The PS2 didn’t even come with a modem as standard, and yet back in 2004 I was already talking about Star Wars: Battlefront as “mark[ing] the point when online multiplayer could completely take central stage, with the single player modes essentially consisting of playing the multiplayer against AI”. Since then, two World of Warcraft expansion packs reached UK #1 without even the semblance of an offline mode. Brink’s total integration of multiplayer within a different kind of game feels even more modern, even if it didn’t prove to be the future itself.
The dramatic and stylised opening sequence and caricature-proportioned choice of characters is a refreshing aesthetic leap for about as long as it takes to realise that character and plot are going to have almost no significance. Instead, as the game bribes the player with experience points to watch a tutorial video (a new and slightly odd gambit), it’s a set of rules that come to the foreground. This is once again warfare as a tightly defined sport, and the story is a garnish at most.
You can jump into any mode including the story campaign with other players online or, if you’re me playing now, on your own with AI allies. You fight as rebels or security against an opposing team, by shooting them but also by hacking, healing and blowing stuff up. You can switch to different roles to protect or attack different objectives, in environments which develop around those actions. There is rather a lot of Star Wars: Battlefront still in there, alongside more direct ancestors like Team Fortress. It’s reactive action is added on to a first person shooter with small teams and an emphasis on rapid movement.
The result can be quickly overwhelming with the sheer number of things to keep track of, especially when the characters can freerun their way around with such ease. I worked through the training levels with a lot of trial and error and leaning on teammates, and then found things getting exponentially more too much. Based on reviews and watching other people’s gameplay, it’s fair to assume that a decent proportion of this is down to how much the absence of real teammates takes away from the possibility of real teamwork and places the onus on the player, in a way in which the game is not built for. The emphasis on multiplayer also likely explains a particularly lopsided 360/PS3 sales split, the common “but all my friends are playing on 360” effect magnified.
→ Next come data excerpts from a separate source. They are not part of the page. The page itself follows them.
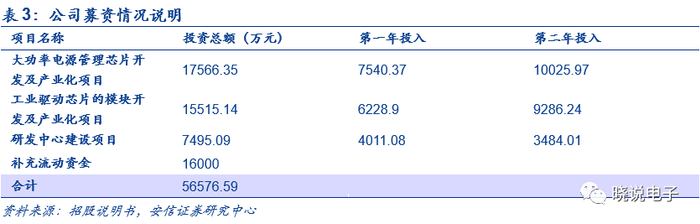 本次发行IPO募资中,中大功率电源管理芯片开发及产业化项目拟投入17566.35万元、工业级驱动芯片的模块开发及产业化项目拟投入15515.14万元、研发中心建设项目拟投入7495.09万元。通过募资,公司将强化公司在家电市场大功率电源管理芯片的技术深度和技术积累,以更好地满足家电市场对大功率电源管理芯片产品的需求,以及形成工业级驱动芯片相关知识产权,进一步增强公司技术实力,拓展产品领域。
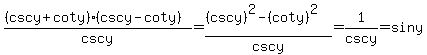 quantity cosecant of y plus cotangent of y times quantity cosecant of y minus cotangent of y divided by cosecant of y. Answer by greenestamps(13216) (Show Source):
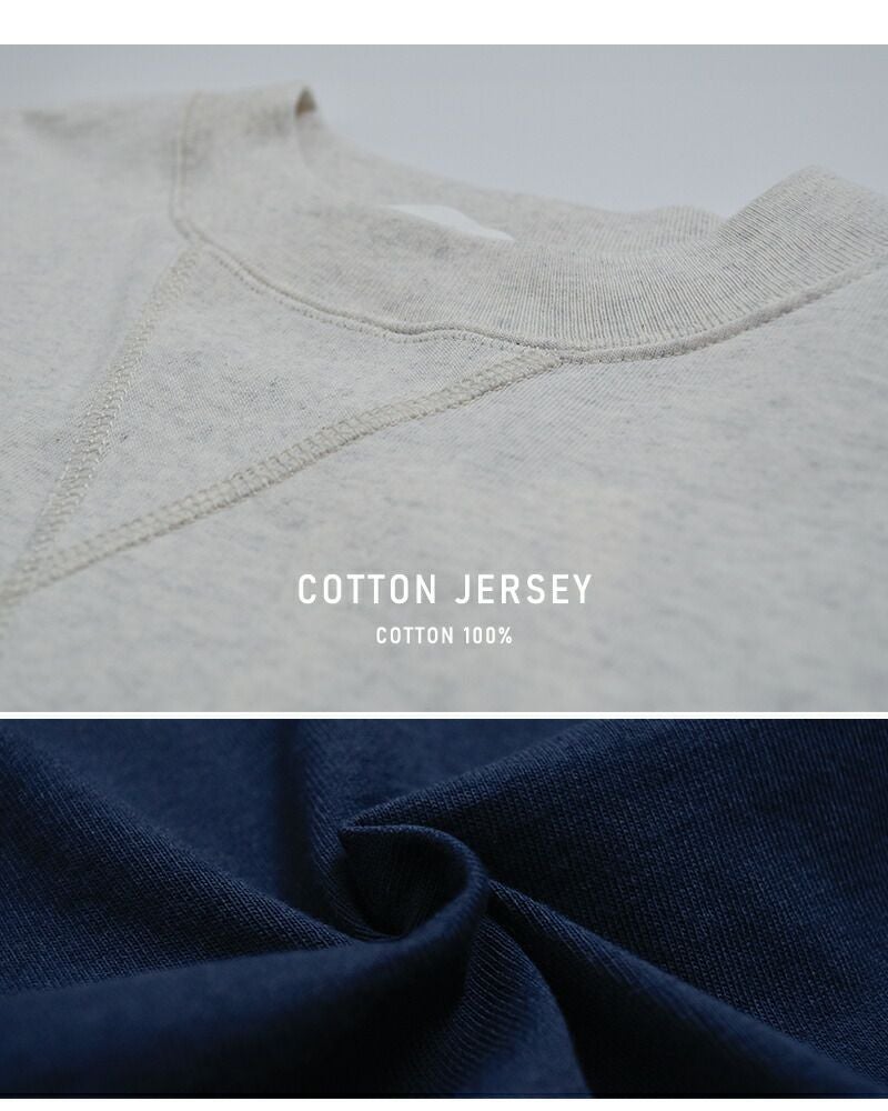 ミドルウェイトの程よい厚みを持つコットン天竺素材を使用。適度なハリ感があり、身体のラインを拾いにくいのが特徴です。 米綿ならではのドライなタッチで、さらりとした肌触り。カジュアルな風合いの中に、ほどよい上品さも感じられる生地感に仕上がっています。
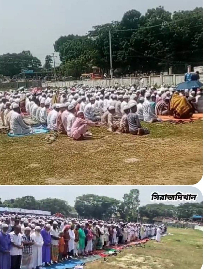 মুন্সিগঞ্জের সিরাজদিখান উপজেলার শেখারনগর ইউনিয়নের সেখারনগর রায় বাহাদুর সিনা ইনস্টিটিউটের স্কুল মাঠে তীব্র তাপপ্রবাহ থেকে মুক্তি চেয়ে বৃষ্টির জন্য ইস্তেখার

I think my confusion is likely also related to the fact that team-based shooters are a highly specialised genre built on top of an FPS genre which is already not one that comes most naturally to me. All of the more modern and much more popular takes on the genre in recent years tend to look completely baffling to me as well. I’ll be making an effort when I get there to try to get a bit more out of them, but Brink already didn’t catch on the same way even when it was all up and running. As a route in, playing this on my own appears particularly futile.